= Instructions to follow =
Find the line with "Cup of Coffee" in the records below. Output exactly from there until after the line with "Modelin Ölçüleri: Boy:165, Kg:55, Göğüs:90, Bel:72, Kalça: 100", without pictures.

= Data provided =
= Beginning of Section =
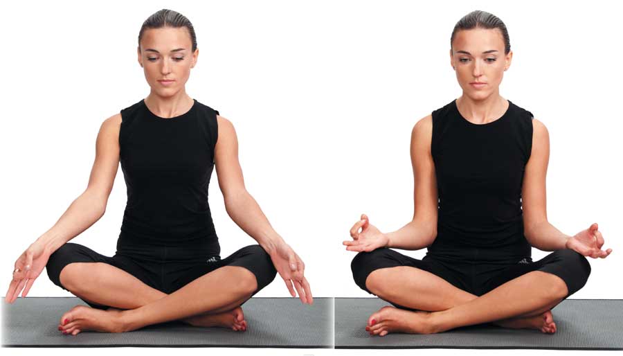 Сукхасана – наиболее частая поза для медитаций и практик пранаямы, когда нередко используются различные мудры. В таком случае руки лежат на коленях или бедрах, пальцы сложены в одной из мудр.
= End of Section =
= Beginning of Section =
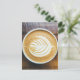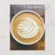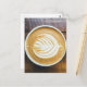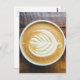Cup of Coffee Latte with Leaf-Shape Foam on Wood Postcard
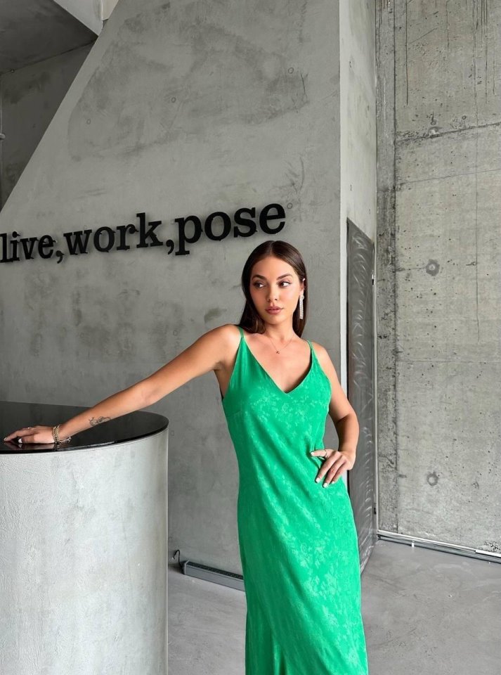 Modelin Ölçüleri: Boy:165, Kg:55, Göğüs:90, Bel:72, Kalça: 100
= End of Section =
= Beginning of Section =
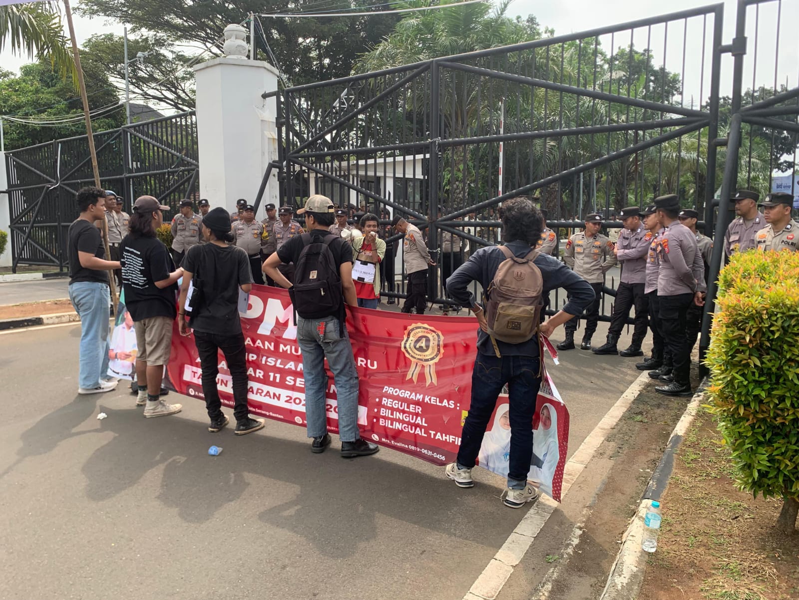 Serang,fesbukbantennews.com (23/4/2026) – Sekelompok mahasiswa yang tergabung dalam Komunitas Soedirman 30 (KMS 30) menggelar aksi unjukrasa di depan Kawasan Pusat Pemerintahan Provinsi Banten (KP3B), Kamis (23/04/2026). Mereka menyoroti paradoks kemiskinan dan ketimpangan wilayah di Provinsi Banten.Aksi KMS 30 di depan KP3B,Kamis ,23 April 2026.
= End of Section =
= Response to this exercise =
Cup of Coffee Latte with Leaf-Shape Foam on Wood Postcard
 Modelin Ölçüleri: Boy:165, Kg:55, Göğüs:90, Bel:72, Kalça: 100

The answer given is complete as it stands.